The first author who collected the data relied on an interpreter who doubled up as a research assistant during the interviews. The data collection tools employed were interviews, questionnaires, observation, conversations, and informal discussions. Data were first recorded, transcribed, and then analyzed manually.

4. Results and Discussion

Drawing from the empirical data and extensive analysis of existing literature and policy documents from Ghana, the ensuing presentations look at the various institutions in the country that need to be considered prior to and during the implementation of MAR methods for irrigational purposes in the Atankwidi catchment.

4.1. Formal Government Institutions

A review of Ghana’s official documents and secondary data, together with interview responses of officials of the WRC and the EPA provided the following results. The results here show the various relevant formal government institutions designed at both national and District/Municipal (local) governments. However, the presentation here about the list of relevant institutions is inexhaustible, since new ones are emerging while some existing ones are being modified.

4.1.1. Laws/Legislative Instruments

Currently, there is no legal provision/rule in Ghana that prohibits MAR implementation, and neither is there any single legislation which states that MAR should be implemented to boost groundwater resources. However, some existing legislation or legal instruments appear more explicit and relevant, which proponents of MAR projects need to consider.

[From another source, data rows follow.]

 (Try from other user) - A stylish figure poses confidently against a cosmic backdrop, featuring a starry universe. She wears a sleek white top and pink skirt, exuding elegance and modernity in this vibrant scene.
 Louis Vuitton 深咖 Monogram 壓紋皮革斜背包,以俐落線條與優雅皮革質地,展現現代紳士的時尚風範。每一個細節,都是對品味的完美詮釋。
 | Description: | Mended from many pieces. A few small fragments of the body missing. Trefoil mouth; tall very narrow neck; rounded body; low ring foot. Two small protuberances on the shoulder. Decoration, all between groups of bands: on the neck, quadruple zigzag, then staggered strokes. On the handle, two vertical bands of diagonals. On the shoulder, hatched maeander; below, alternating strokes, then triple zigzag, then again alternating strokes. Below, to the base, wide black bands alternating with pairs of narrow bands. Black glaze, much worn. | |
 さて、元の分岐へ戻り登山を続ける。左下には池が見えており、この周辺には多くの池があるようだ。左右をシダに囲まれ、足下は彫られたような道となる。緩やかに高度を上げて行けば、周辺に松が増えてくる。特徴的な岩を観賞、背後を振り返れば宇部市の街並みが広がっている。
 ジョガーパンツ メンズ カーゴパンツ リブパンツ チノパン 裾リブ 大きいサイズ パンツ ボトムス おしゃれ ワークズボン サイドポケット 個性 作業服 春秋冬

● The 1992 constitution of the Republic of Ghana

Land is an important factor as far as MAR is concerned. In Ghana, land and groundwater appear inseparable (an interpretation of the local people). Land ownership in the country has changed over the years; however, a final decision was taken in the 1990s. The 1992 constitution (Article 36(8)) vests all customary lands in the appropriate stool, skin, or landowning family on behalf of and in trust for their people, to be managed as pertained in the duties of the traditional authorities based on customary law. In the Atankwidi catchment, the land is considered skin land. The land is owned by the community, families, or clans. It is entrusted in the various earth priests called tindana, who act as the mediator between the gods and the people. This is important for engineers and proponents for MAR when deciding on the source and location of MAR project. Land for such a purpose must be negotiated with and obtained from the local people.

● The Water Resources Commission Act 1996 (Act 522)

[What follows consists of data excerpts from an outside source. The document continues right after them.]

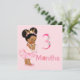 Sweet baby girl pink floral monthly birth milestone markers for baby documented monthly growth. This card represents 3 months on front and 4 months on the back. All other months available on other invitation/announcement cards in this collection. I have used one announcement/invitation card for 2 months at a time. Just flip card. Purchase card without envelope to use for milestone markers. Use your own personal background of your choice for photos.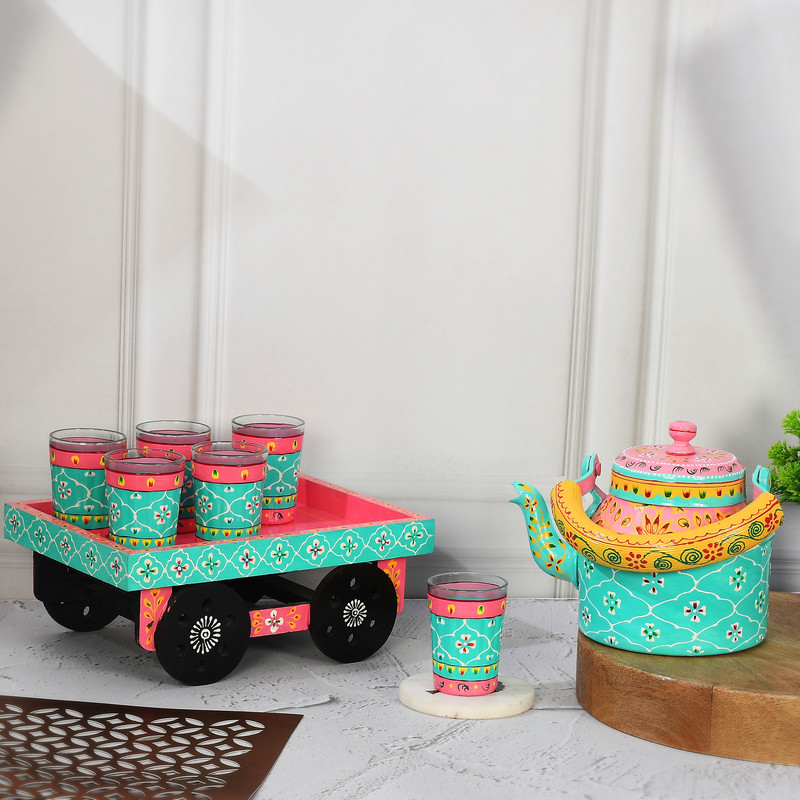 Aqua Blue & Pink Dual-Tone Hand-Painted Aluminium Tea Kettle Set with 6 Glass Cups and Wooden Serving Cart | Artistic Table Décor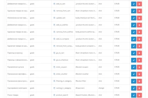 После установки модуля, вам сразу будет доступно 25 готовых целей и останется лишь скопировать их идентификаторы в настройки на сайте Google Analytics. Однако, если у вас установлен нестандартный шаблон или другие модули влияющие на верстку сайта, то некоторые цели могут не работать и потребуют перенастройки.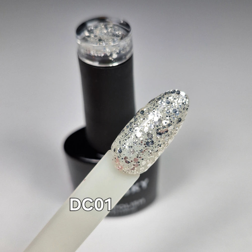 Bluesky gel lak DC01 - Prozoren gel lak z manjšimi in večjimi srebrnimi bleščicami.

The act stipulates that regardless of geographic regions, all water resources belong to the state to be held in trust by the president of the Republic of Ghana. This connotes that groundwater resources associated with MAR form part of the country’s pool of water resources, whose ownership is vested in the President of the Republic. This is important for understanding groundwater rights and their enforcement in the catchment, as far as MAR schemes are concerned.

● The Drilling Licence and Groundwater Development Legislative Instrument (L.I) 1827

This Act mandates engineers to obtain drilling licences from the Water Resources Commission. Before the project commences, there is a need for written notification to the Water Resources Commission for permission. It is thus required of MAR engineers to acquire drilling licences beforehand. Wells drillers, as part of the MAR process, are also cautioned by this act to make sure that wells drilled do not pose threats in the form of pollution or contamination to groundwater aquifers.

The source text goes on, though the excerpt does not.